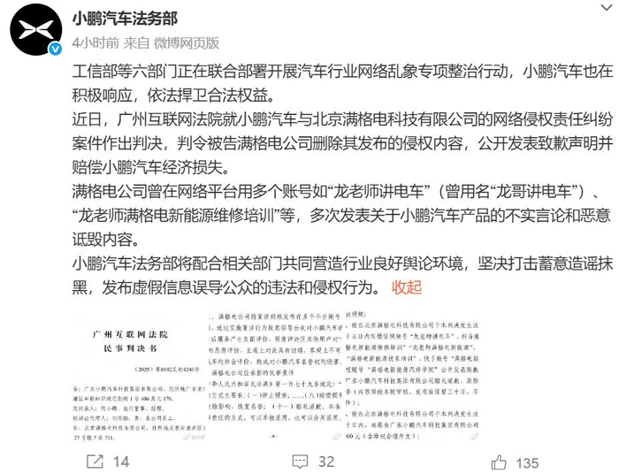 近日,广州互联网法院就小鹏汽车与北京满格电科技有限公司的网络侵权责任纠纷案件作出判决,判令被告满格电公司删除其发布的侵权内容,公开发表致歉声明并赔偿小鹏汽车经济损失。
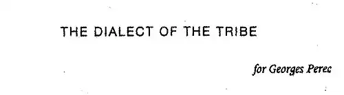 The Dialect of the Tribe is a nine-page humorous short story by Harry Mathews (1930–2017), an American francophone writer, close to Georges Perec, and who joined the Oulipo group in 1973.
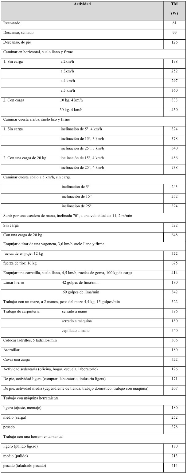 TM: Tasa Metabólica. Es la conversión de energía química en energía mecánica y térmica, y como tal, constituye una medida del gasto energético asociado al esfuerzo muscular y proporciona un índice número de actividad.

--

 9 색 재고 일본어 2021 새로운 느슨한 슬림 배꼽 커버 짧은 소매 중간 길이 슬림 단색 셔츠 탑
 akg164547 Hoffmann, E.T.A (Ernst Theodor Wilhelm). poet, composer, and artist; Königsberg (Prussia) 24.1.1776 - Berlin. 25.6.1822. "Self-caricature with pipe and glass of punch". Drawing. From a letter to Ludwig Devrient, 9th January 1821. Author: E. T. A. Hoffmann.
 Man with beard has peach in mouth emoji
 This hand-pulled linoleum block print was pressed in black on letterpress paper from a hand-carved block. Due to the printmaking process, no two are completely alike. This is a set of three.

### Problem statement
Filter the entries above and return only the lines holding "with".

### The answer
 akg164547 Hoffmann, E.T.A (Ernst Theodor Wilhelm). poet, composer, and artist; Königsberg (Prussia) 24.1.1776 - Berlin. 25.6.1822. "Self-caricature with pipe and glass of punch". Drawing. From a letter to Ludwig Devrient, 9th January 1821. Author: E. T. A. Hoffmann.
 Man with beard has peach in mouth emoji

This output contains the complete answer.